Leckie sat there, in the tranquil enjoyment of his cigarette, and, perhaps, pleasantly conscious that the ladies, who were not far away, could see and hear all that had taken place. And this knowledge was not displeasing to him, especially when the fair-haired girl in mauve crept up to him presently and turned a pair of dazzling and admiring eyes upon him.

"Bobby," she whispered, "you are splendid! I really had no idea—I really hadn't. And I hope you will forgive me for laughing at you. Really, Bobby, if you look at me like that again, I shall have to k-kiss you!"

"I am quite defenceless," Bobby said blissfully. "R-rather bo kissed by you than anybody in the world."

It was fortunate, perhaps, at this moment that Mr. Bradley emerged from the hut with an intimation that the message had been sent and a reply received. Then, under the leadership of Leckie, the party went slowly in the direction of the beach, headed by the smiling boatswain and Don Jamie, who was thoughtfully prodded from time to time in the region of the liver by the point of the commandeered revolver. One by one the ladies were conveyed to the launch, and presently Leckie stood alone on the fringe of sand with the pirate chief, who regarded him with a mixture of concentrated rage and bewildered admiration.

"Well, you're a fair knock-out, you are," he said. "And me thinking all the time that you were no better than a scared jack-rabbit! Well, you can go back to your friends and boast that you are the first man who ever got the better of Jamie Rodgers. And that's a fact—yes, sir."

"Really?" Lepkie drawled. "Is that so? But I'm not worrying about it. Do you know, Mr. Rodgers, I hate getting my feet wet. And yet I don't see how I am going to get into that launch without ruining a pair of Court shoes and some silk socks that cost me a guinea in Bond Street.

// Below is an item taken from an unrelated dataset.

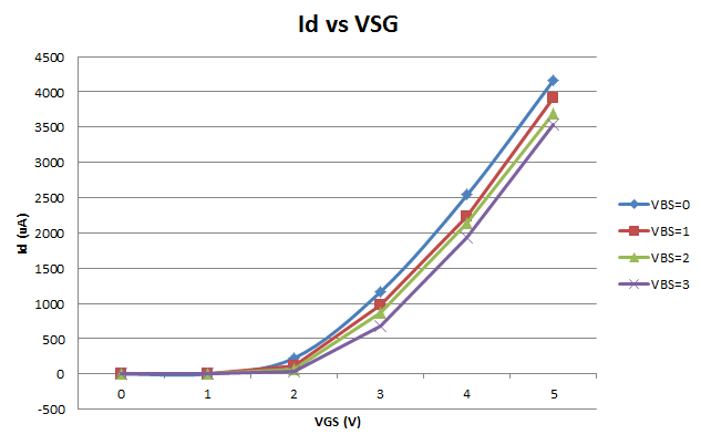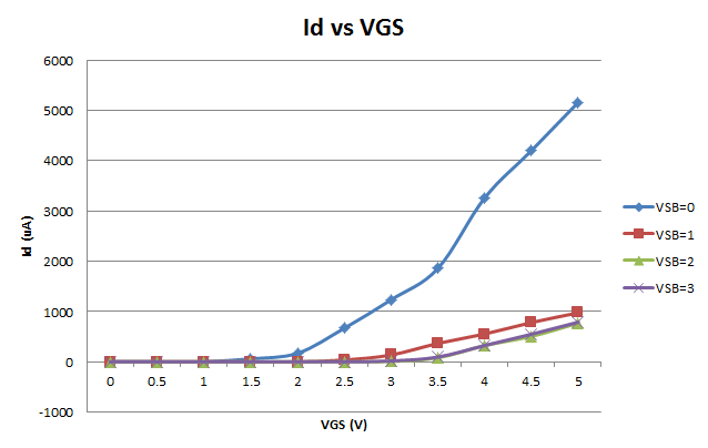 - ID vs VGS (0<VGS<5V) with VDS=5V for VSB varying from 0 to 3V

That's what's troubling me at the present moment. I give you my word of honour that I am not thinking about you at all."

In spite of his abject humiliation and the excruciating pain in his arm, Rodgers burst into a laugh.

"Well, I guess you're some boy," he said. "And I don't bear no malice. You've fairly held me up, and if I'd known—but, you see, I didn't. Say, stranger, ten or twelve years ago, before I started this game, I was up on the Yukon, gold prospecting with the very toughest crowd on the American Continent. There wasn't a crime in the, calendar that those boys weren't up to. But there was one chap, an Englishman, come up there, who was a fair terror to the whole bunch. I never saw him myself, but I heard of him often enough. From all accounts he was a little chap, about your size, an English swell, the boys said, as nobody could down. He wasn't a tough; he had an idea that he had come there to straighten matters out and turn the Yukon into a civilised community. It was some proposition, but he did his best to put the programme through—him without an ounce of strength, and weighing about a hundred and fifty pounds! They used to say he had come to America to die of some chest trouble, but decided to live and reform the States instead. Why, he'd go into the saloon amongst the toughs, with his glass in his eye and a revolver in his hand, and clear out the whole caboodle within five minutes."

"What was his name?" Leckie drawled. "Well, I don't rightly know, but I think the boys called him 'Little Billee with the Glass Eye.' Say, mister, I guess you must have been that man."

"I guess I was," Leckie said sweetly.